• _Saved data entries_
※
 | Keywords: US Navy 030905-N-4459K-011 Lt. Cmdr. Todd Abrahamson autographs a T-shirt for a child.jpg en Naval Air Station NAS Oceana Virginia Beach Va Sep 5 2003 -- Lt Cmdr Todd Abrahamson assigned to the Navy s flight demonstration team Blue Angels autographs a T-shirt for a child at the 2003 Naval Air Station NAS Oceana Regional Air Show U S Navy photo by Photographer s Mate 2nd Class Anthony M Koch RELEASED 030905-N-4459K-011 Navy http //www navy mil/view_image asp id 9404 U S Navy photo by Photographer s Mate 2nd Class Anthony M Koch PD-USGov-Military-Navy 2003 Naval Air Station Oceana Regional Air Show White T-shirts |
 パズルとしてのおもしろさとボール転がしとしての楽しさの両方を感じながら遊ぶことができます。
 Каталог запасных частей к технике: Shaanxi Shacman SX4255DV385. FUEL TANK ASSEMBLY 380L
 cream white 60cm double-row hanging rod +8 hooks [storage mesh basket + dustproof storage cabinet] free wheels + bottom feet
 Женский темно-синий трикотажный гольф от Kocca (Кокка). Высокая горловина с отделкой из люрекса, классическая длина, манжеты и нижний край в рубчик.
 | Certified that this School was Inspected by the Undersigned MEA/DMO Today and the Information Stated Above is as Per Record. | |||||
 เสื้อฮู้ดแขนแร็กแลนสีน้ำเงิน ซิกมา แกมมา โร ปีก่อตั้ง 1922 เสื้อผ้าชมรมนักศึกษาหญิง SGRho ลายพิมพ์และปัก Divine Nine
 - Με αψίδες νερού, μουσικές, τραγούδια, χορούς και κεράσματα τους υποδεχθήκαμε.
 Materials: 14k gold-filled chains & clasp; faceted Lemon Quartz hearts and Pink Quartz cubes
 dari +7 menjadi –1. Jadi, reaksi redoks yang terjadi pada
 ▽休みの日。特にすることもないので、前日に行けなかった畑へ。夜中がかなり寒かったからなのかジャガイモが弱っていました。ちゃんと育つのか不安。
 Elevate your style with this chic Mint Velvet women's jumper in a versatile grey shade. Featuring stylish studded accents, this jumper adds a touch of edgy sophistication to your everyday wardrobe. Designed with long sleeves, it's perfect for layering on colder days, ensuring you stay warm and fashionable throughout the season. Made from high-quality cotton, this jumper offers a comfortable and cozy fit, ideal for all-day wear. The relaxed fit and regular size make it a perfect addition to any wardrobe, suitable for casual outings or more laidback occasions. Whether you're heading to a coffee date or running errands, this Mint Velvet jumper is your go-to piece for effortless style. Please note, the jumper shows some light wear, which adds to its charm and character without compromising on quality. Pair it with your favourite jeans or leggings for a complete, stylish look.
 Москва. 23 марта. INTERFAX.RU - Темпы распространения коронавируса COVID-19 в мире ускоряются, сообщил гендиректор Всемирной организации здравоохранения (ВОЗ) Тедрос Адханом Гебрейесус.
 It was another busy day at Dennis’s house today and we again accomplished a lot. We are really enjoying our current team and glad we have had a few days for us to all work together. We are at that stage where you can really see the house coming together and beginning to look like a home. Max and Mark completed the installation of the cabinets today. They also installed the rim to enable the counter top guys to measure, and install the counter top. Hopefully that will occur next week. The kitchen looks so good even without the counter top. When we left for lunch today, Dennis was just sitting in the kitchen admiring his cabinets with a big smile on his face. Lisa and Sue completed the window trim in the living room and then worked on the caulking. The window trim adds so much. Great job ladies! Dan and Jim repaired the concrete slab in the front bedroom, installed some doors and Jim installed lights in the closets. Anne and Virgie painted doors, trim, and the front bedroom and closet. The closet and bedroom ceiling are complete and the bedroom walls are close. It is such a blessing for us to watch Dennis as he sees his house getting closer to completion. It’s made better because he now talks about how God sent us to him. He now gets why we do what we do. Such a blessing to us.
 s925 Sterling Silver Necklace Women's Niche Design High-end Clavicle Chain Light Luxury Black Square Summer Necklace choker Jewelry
※
• _WHAT YOU SHOULD DO_
Given the records above, return exactly the lines starting at the line containing "Record. | |||||" and ending at the line containing "Москва. 23 марта.", including both.

• _SOLUTION TO THIS TASK_
 | Certified that this School was Inspected by the Undersigned MEA/DMO Today and the Information Stated Above is as Per Record. | |||||
 เสื้อฮู้ดแขนแร็กแลนสีน้ำเงิน ซิกมา แกมมา โร ปีก่อตั้ง 1922 เสื้อผ้าชมรมนักศึกษาหญิง SGRho ลายพิมพ์และปัก Divine Nine
 - Με αψίδες νερού, μουσικές, τραγούδια, χορούς και κεράσματα τους υποδεχθήκαμε.
 Materials: 14k gold-filled chains & clasp; faceted Lemon Quartz hearts and Pink Quartz cubes
 dari +7 menjadi –1. Jadi, reaksi redoks yang terjadi pada
 ▽休みの日。特にすることもないので、前日に行けなかった畑へ。夜中がかなり寒かったからなのかジャガイモが弱っていました。ちゃんと育つのか不安。
 Elevate your style with this chic Mint Velvet women's jumper in a versatile grey shade. Featuring stylish studded accents, this jumper adds a touch of edgy sophistication to your everyday wardrobe. Designed with long sleeves, it's perfect for layering on colder days, ensuring you stay warm and fashionable throughout the season. Made from high-quality cotton, this jumper offers a comfortable and cozy fit, ideal for all-day wear. The relaxed fit and regular size make it a perfect addition to any wardrobe, suitable for casual outings or more laidback occasions. Whether you're heading to a coffee date or running errands, this Mint Velvet jumper is your go-to piece for effortless style. Please note, the jumper shows some light wear, which adds to its charm and character without compromising on quality. Pair it with your favourite jeans or leggings for a complete, stylish look.
 Москва. 23 марта. INTERFAX.RU - Темпы распространения коронавируса COVID-19 в мире ускоряются, сообщил гендиректор Всемирной организации здравоохранения (ВОЗ) Тедрос Адханом Гебрейесус.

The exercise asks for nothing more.